In general, suppose x= A.BCCCCC... where "A" is the entire number before the decimal point, "B" is any decimals before repetition, and "C" is the repeating block. Also let "n" be the number of decimal places in B, "m" the number of decimal places in C.
In your example, 0.7777777..., A= 0, B= 0 (and so n= 0) and C= 7 (and so m= 1).
If x= A.BCCCCC... then [itex]10^nx= AB.CCCC...[/itex] and [itex]10^{n+m}= ABC.CCCCC...[/itex]. Subtracting, [itex](10^{n+m}- 10^n})x= ABC- AB[/itex] Where "ABC- AB" is now an integer. (Note that "ABC" does NOT mean "A times B time C" here!).
In your example, n=0 and m= 1 so [itex]10^{n+m}- 10^n= 10^1- 10^0= 10- 1= 9[/itex] and "ABC" is 7 while AB is 0: 9x= 7. Again, what is x?
(Yes, it is NOT 77/100 because that would be 0.7700000...)
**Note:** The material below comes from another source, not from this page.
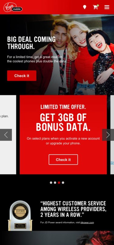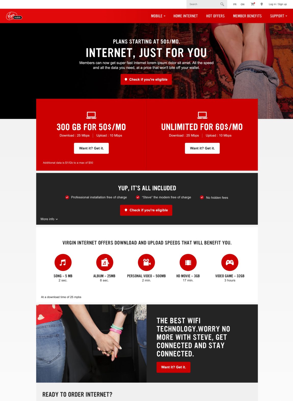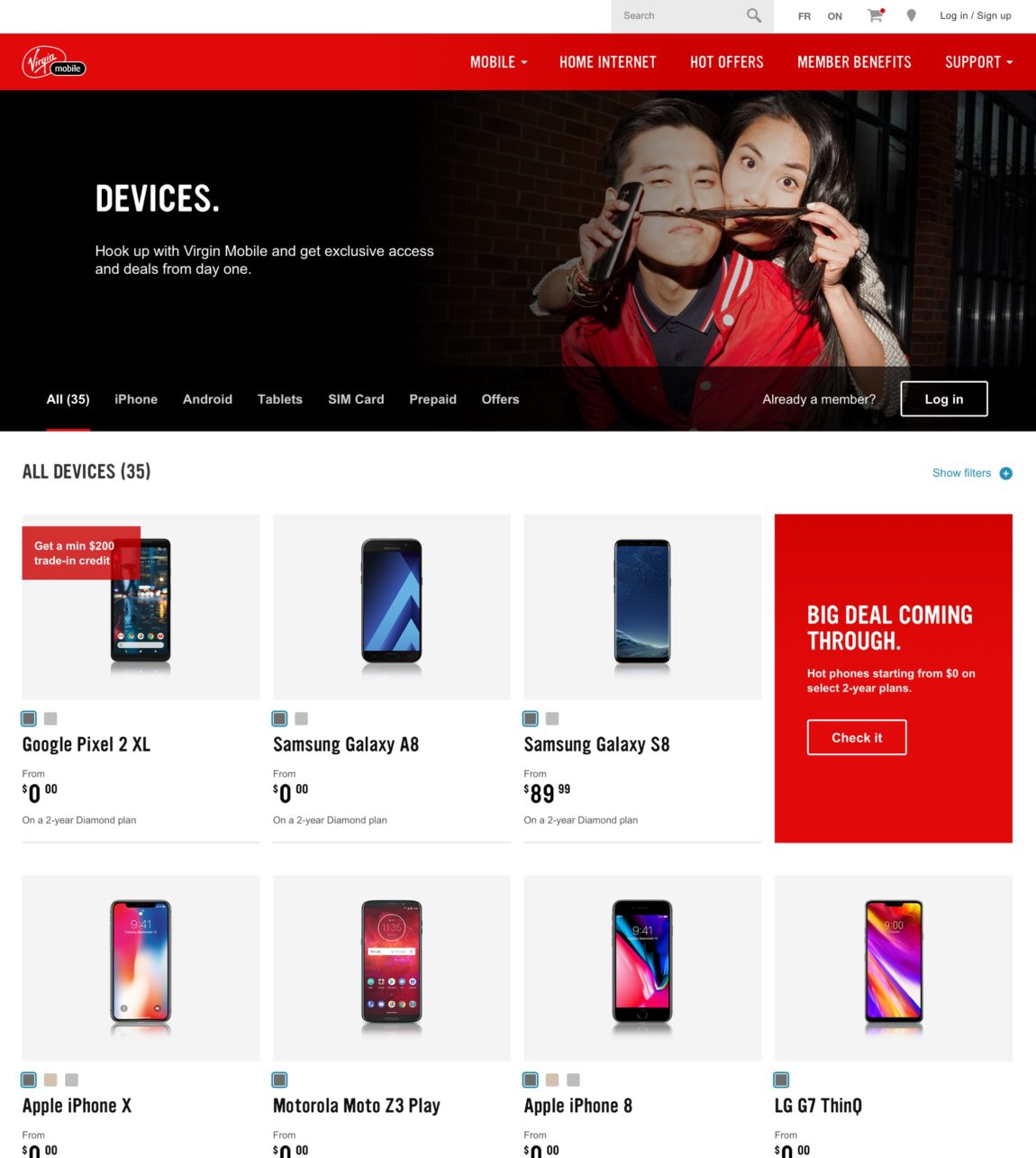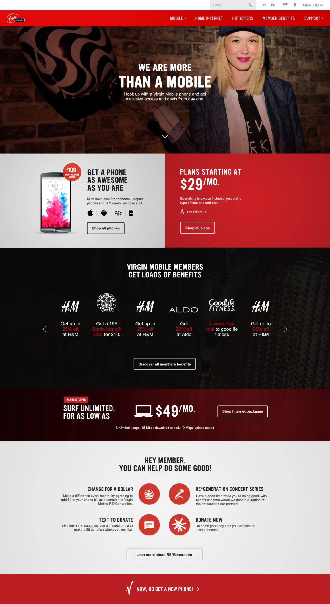 Visitez virginmobile.caTout en renforçant l’identité de marque de Virgin, notre nouvelle structure de navigation offre une expérience client à la fois simple et robuste.

Here's another example: write 423.923425252525... where "25" is the repeating section. The "non-repeating" decimal part is "9234" which has 4 decimal places. Multiply both sides of x= 423.923425252525... by [itex]10^4= 10000[/itex] gives 10000x= 4239234.25252525...[/itex]. The repeating part, "25", has two decimal places so multiply that by [itex]10^2= 100[/itex], which would be the same as multiplying the original equation by [itex]10^{4+2}= 10^6= 1000000[/itex], gives [itex]1000000x= 42393425.252525...[/itex]
Now subract those two: [itex]1000000x- 10000x= 990000x= 42393425.252525...-4239234.25252525...= 38154191[/itex]. Finally, then, x= 38154191/990000. Reduce that fraction if possible.
Note that the "repeating" was essential there. If that "25" did not continue repeating, the two decimal parts would not be the same and we could not cancel them.